Closer to home, Connecticut haunted happenings include the following:
>>Graveyard Shift Ghost Tours at The Mark Twain House. Offered on Friday evenings in October, each hour-long tour explores dark chapters from the Clemens family’s history and Victorian traditions involving Spiritualism and death and visits area where people have had unexplained encounters with the paranormal. Recommended for ages 10 and up Reservations required: $20 for adults, $13 for children 16 and under. (recommended ages 10 and up). Information: www.marktwainhouse.org or 860-280-3130.

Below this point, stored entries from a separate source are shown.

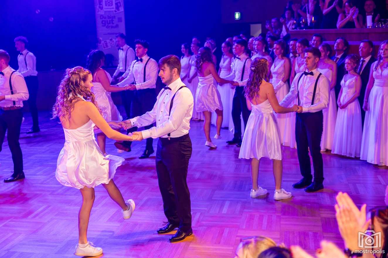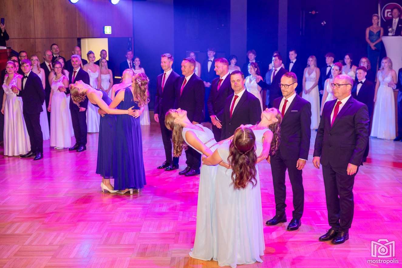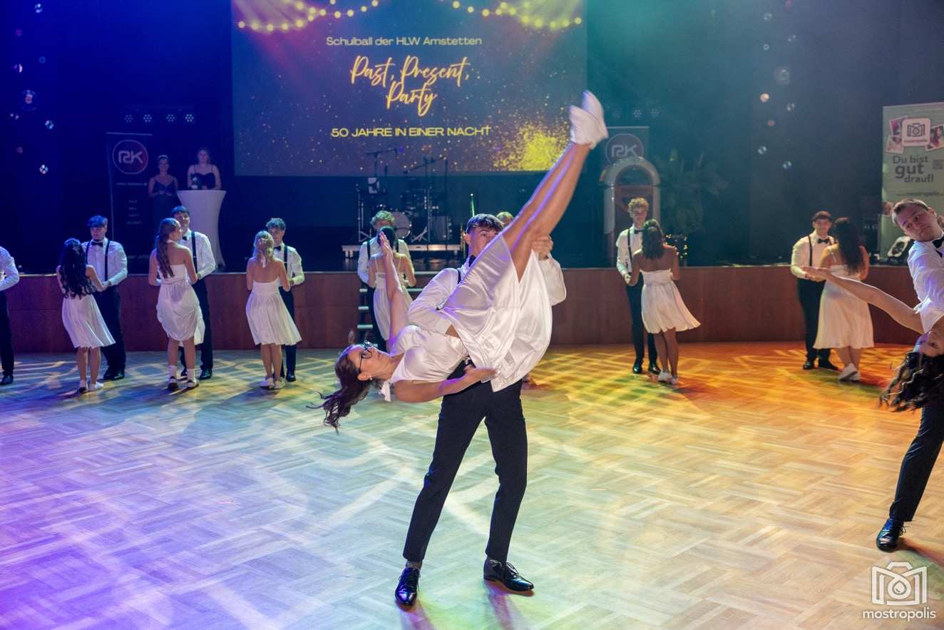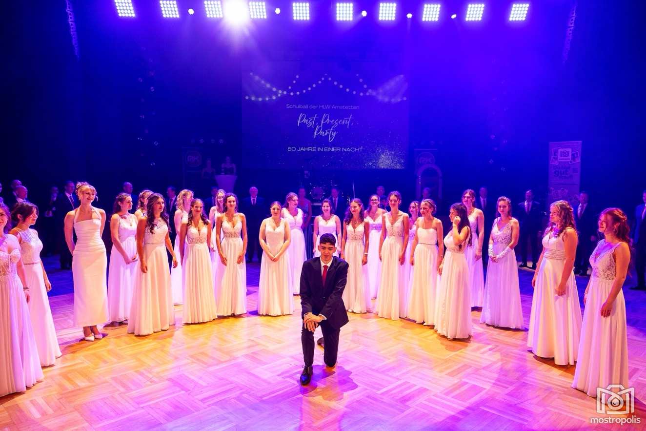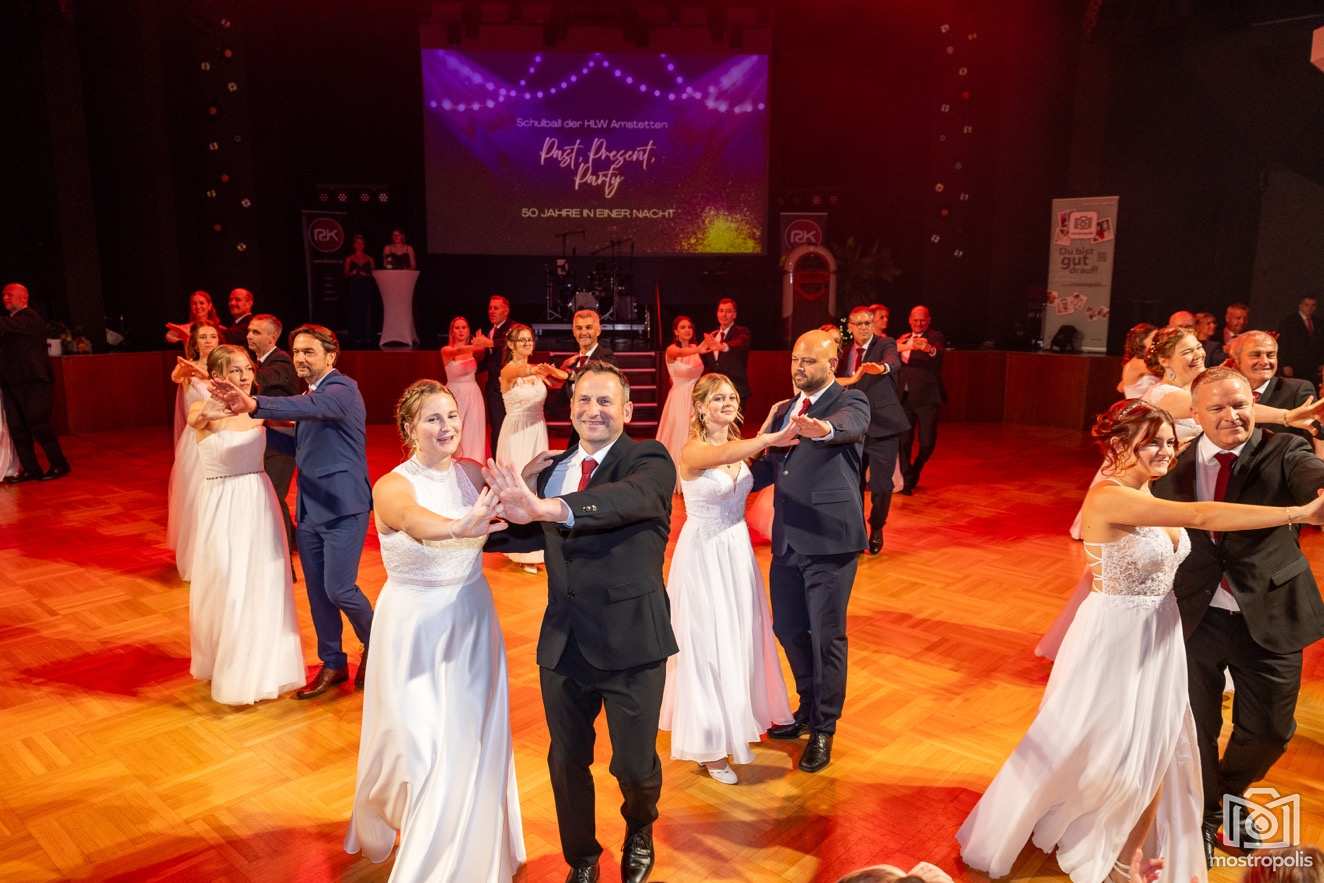 Karl Schlager hat eine bezaubernde Polonaise mit 42 Pärchen mit Vätern, einem Paar mit einer Mama sowie 19 Paaren mit Freunden einstudiert, die beeindruckte und viele berührte. Geboten wurde eine Bottle-, Disco-, Wein- und Cocktailbar sowie eine Absolventenbar mit Prosecco und Kaffee. Nicht fehlen durfte auch eine Fotobox und das Glücksrad im ersten Stock. Für schwungvolle Tanzbeine sorgte das Tanzorchester im Ballsaal und die Schulband in der Sporthalle, welche zu späterer Stunde DJ Alex Morgan mit fetten Beats so richtig zum Beben brachte.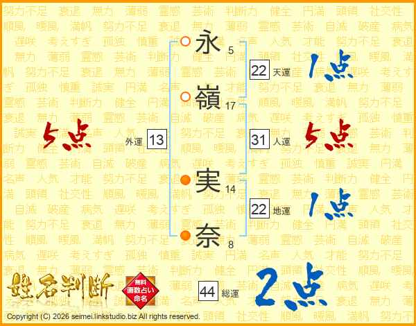 永(5画)嶺(17画) 実(14画)奈(8画)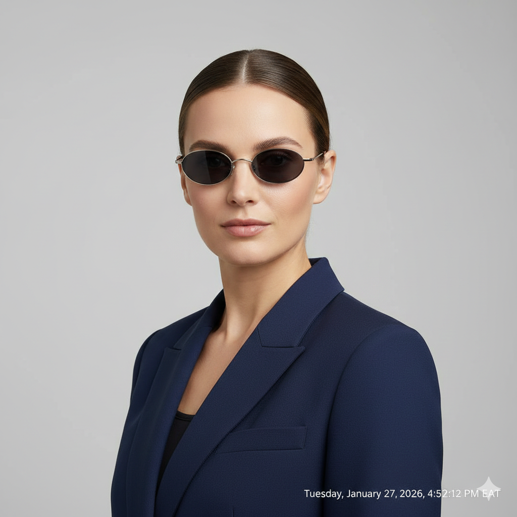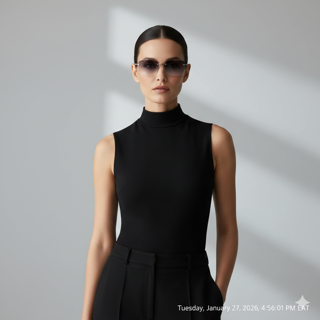 Rimless sunglasses are minimal and soft, perfect for softening strong facial angles. They look modern and refined.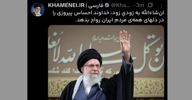 در پی بالا گرفتن گمانهزنیها درباره احتمال حمله نظامی ایالات متحده در حمایت از معترضان ایرانی، حساب کاربری «علی خامنهای» در شبکه اجتماعی «ایکس» با انتشار عکسی از او در حال دست تکان دادن برای طرفدارانش، نوشت: «انشالله بهزودیِزود، خداوند احساس پیروزی را در دلهای همه مردم ایران رواج دهد.»این توییت در حالی منتشر شده که در ساعات اولیه بامداد یکشنبه ۲۱دیماه به وقت ایران، چندین مقام آمریکایی درباره حمایت ایالات متحده از معترضان ایرانی اظهارنظر کردهاند.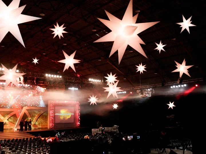 Transform your space into a starry night with our inflatable Stars with LED lights. Perfect as an accent to a contemporary environment or as the main décor for a holiday event. Use our inflatable Stars with LED lighting at night or day, for award ceremonies, gala events, dance parties, or any event that needs a touch of glamour. Our inflatable Star with light is beautiful in white or with colored lighting to fit any celebration. Combine different designs of our inflatable Stars to add depth an richness to a starry sky design.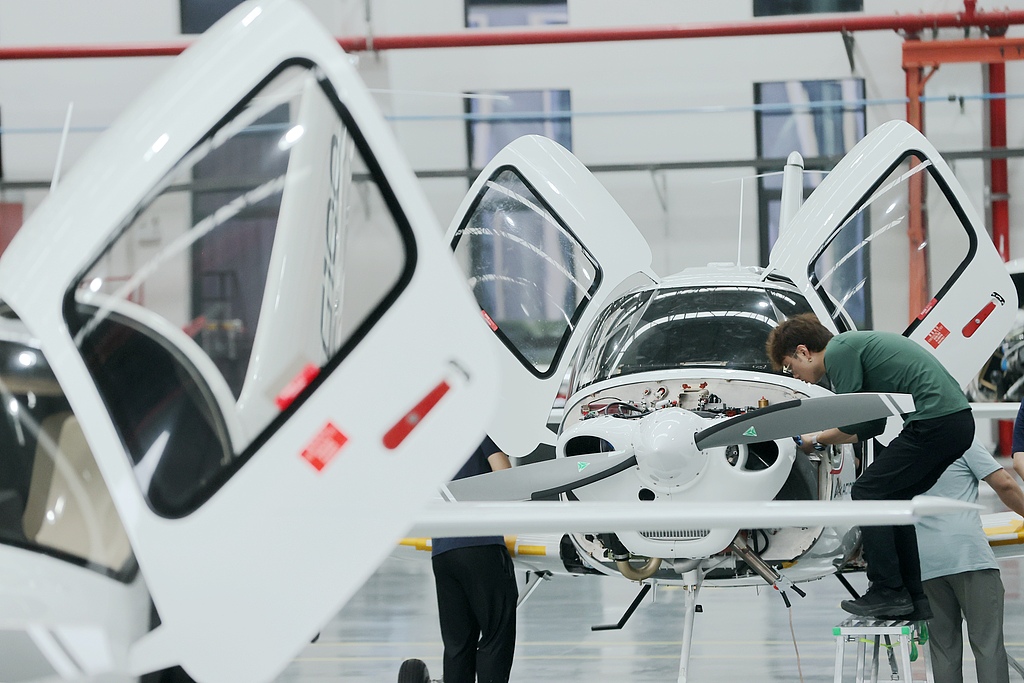 Workers assemble an aircraft at a workshop in Huzhou, east China's Zhejiang Province, June 11, 2024. /VCG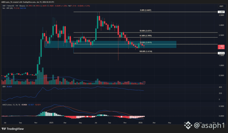 Pero ojo, que aquí es donde se separan los novatos de los que saben leer el juego. Estamos sentados justo en una "zona de demanda" clave (entre los $1.81 y $2.00). Esta es la zona que los compradores más fuertes han defendido desde finales de 2024. Si el precio aguanta aquí, estas liquidaciones masivas podrían haber limpiado el mercado de "manos débiles", dejando la pista libre para un rebote hacia los $2.30 o incluso $2.60. 🚀
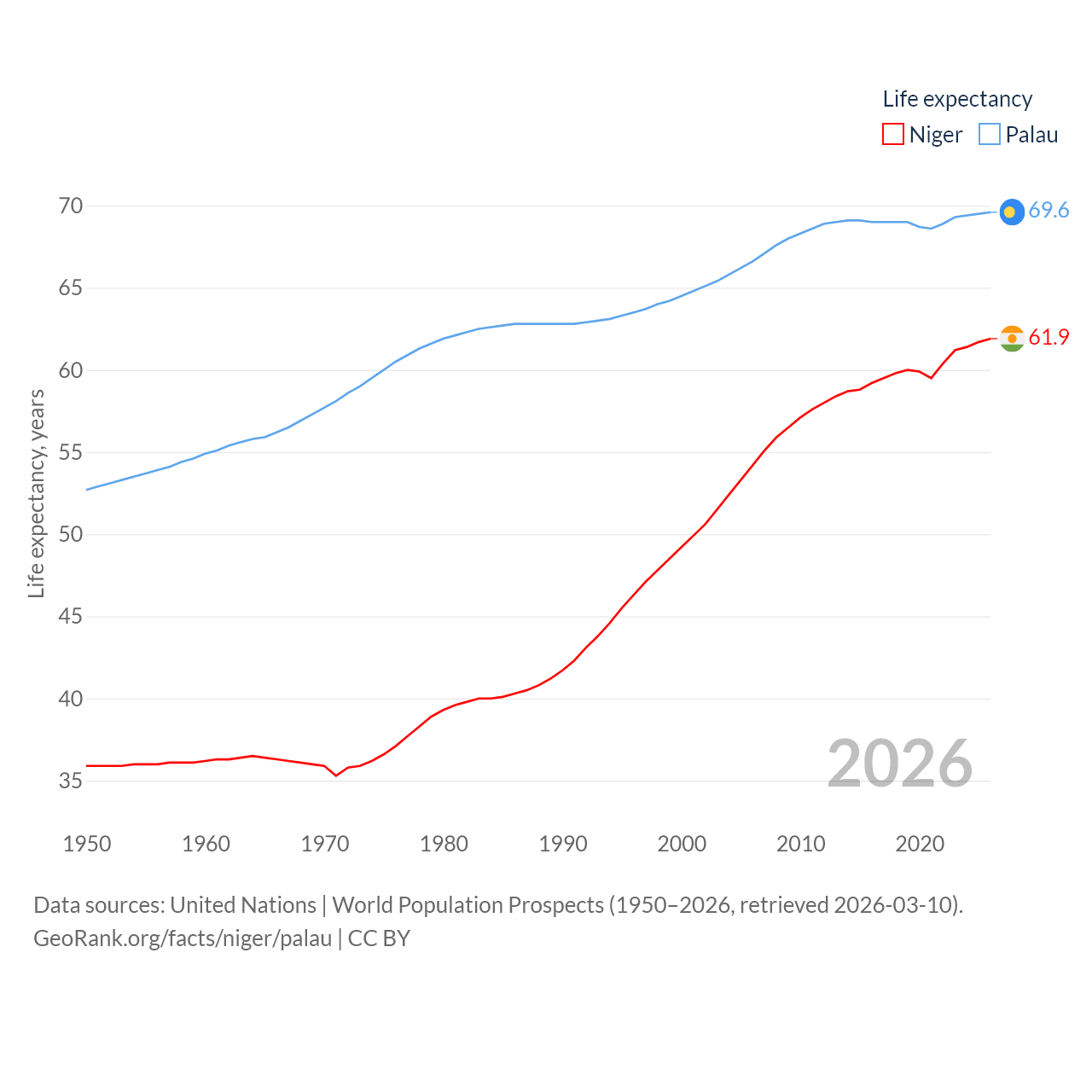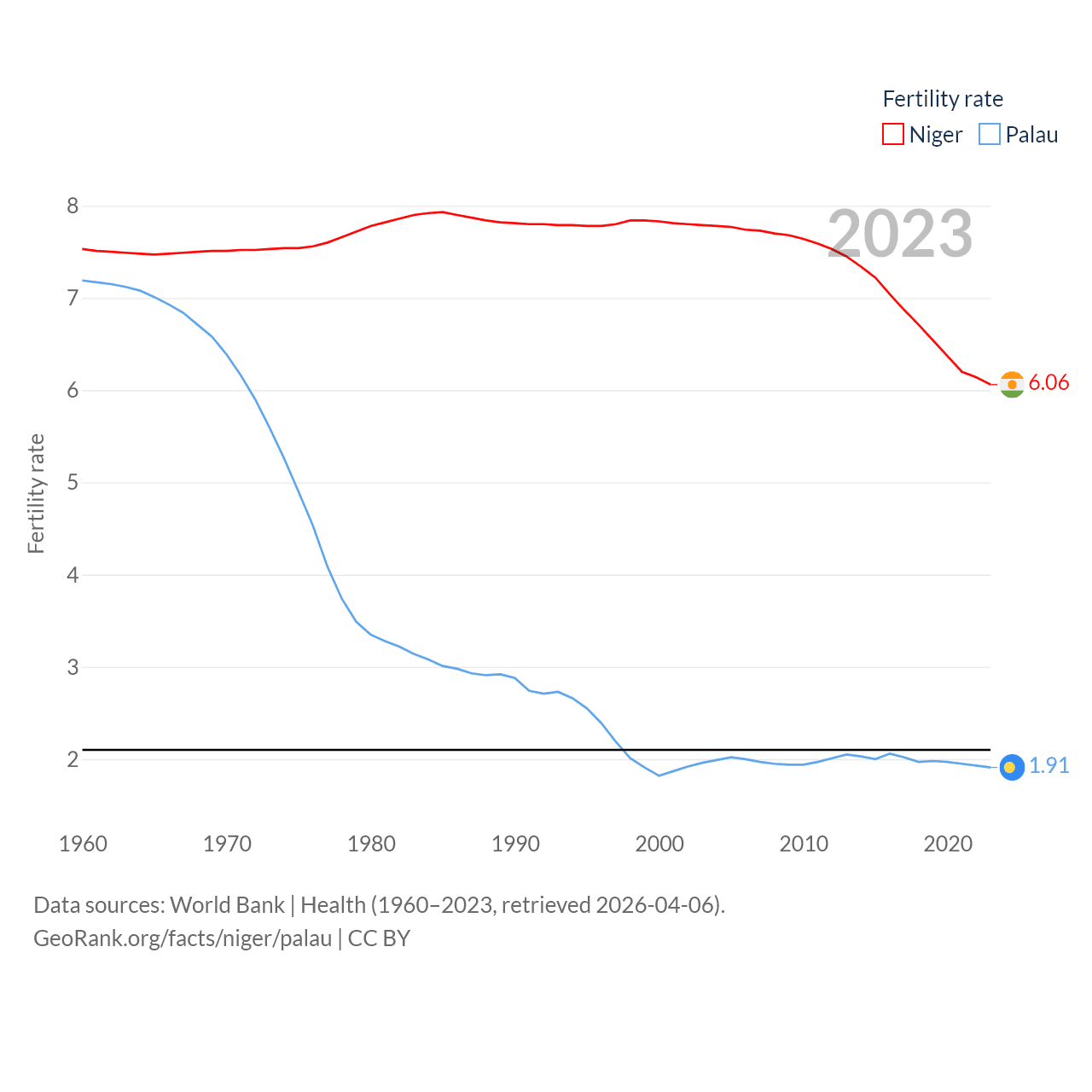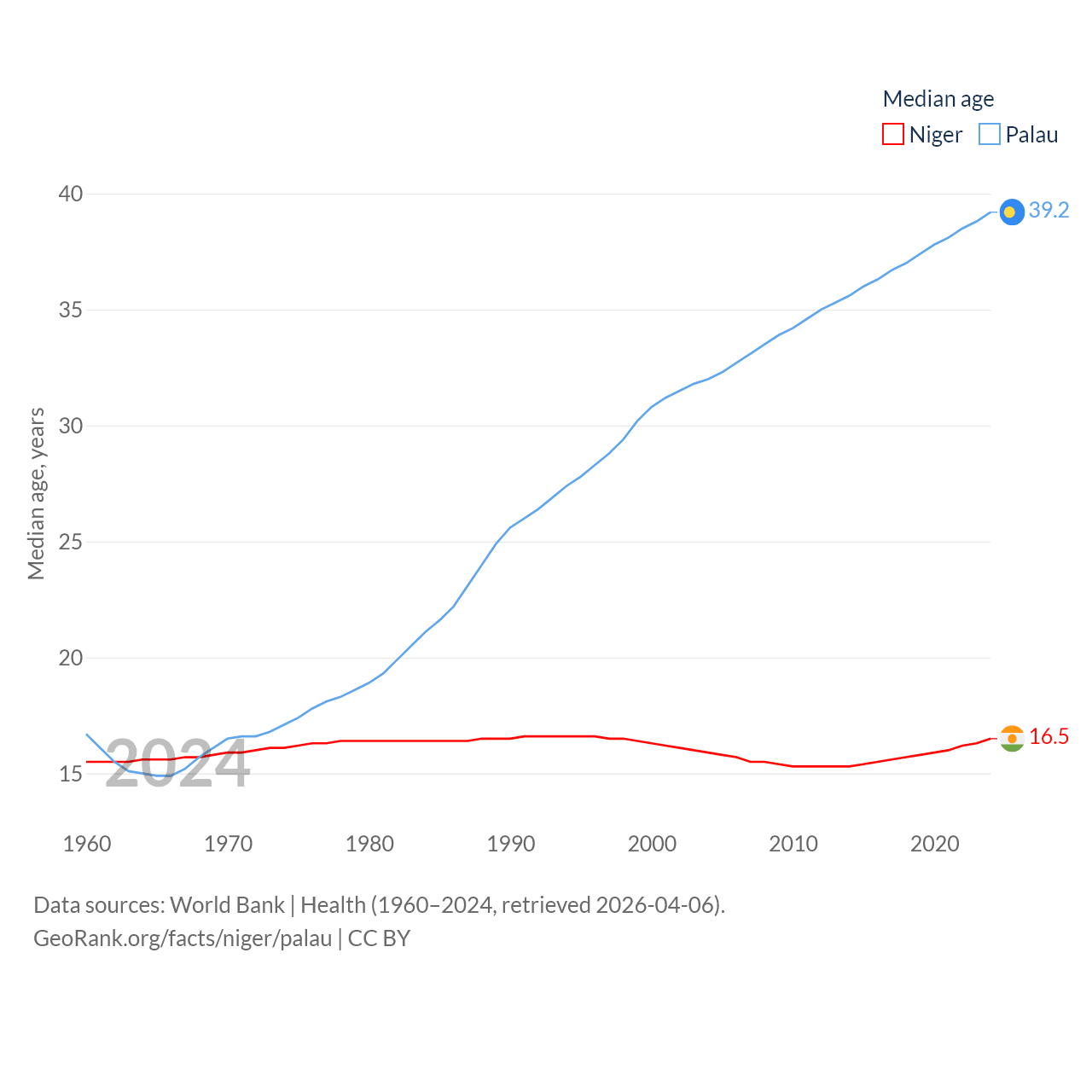 Niger has a population of 27M (ranked 55/197), compared with 17.7K in Palau (ranked 194/197). Niger's land area is 489,076 sq mi versus 177.6 sq mi for Palau (ranked 20th vs. 180th).
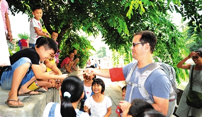 9月13日,36岁的美国教师Ken在海口市琼山区滨江街道东门社区与孩子们玩起了英文版的石头剪子布游戏,孩子们在欢笑中学会了很多单词。据悉,海口市外事侨务办推出“海南国际旅游岛· 外国友人与我同行”系列活动,充分调动常驻海口的千名外国友人热情,让他们积极了解与关注海口,宣传海口。本报记者 苏建强 摄影报道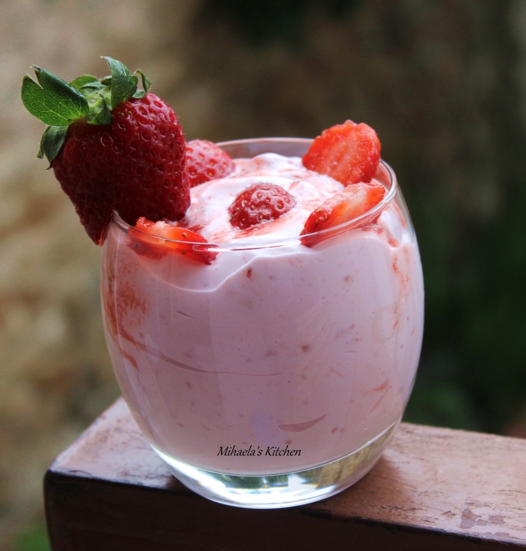 Am batut albusurile cu mixerul si treptat am pus zaharul in acest timp mixand pana cand compozitia devine tare. Dupa ce am spalat capsunile si le-am curatat, le-am pus in blender pana ce au devenit o crema pe care am turnat-o peste albusurile batute. Se amesteca cu lingura de lemn de jos in sus pana se incorporeaza bine. Compozitia o adaugati in boluri ori castronele, le ornati dupa bunul plac si dati la rece pentru cateva momente.

>>On Cedar Hill’s Haunted History Lantern Tour, Friday, Oct. 25, from 6 to 9:30 p.m., attendees visit the final resting places of some of Cedar Hill’s notable and not-so-notable residents. (Character actors share some true-yet-darker-tales.) Admission is $12 and reservations are required. Recommended for those 13 and older. Information: 860-956-3311.
>>Visit the Dark Walk Haunted Camp Tour and Haunted House in Andover and you’ll hop on a bus and “Head Off” to camp. The attraction was featured in “Haunted Attraction” and “ScareWorld” magazines. Tickets are $22 online and $25 at the door. Dates and information: www.darkwalk.net.
>>Nightmare On Wolcott St. in Waterbury is an 30-room haunted house featuring actors, strobe lights, fog and other special effects. Admission is $10. Information: www.nightmareonwolcottstreet.com.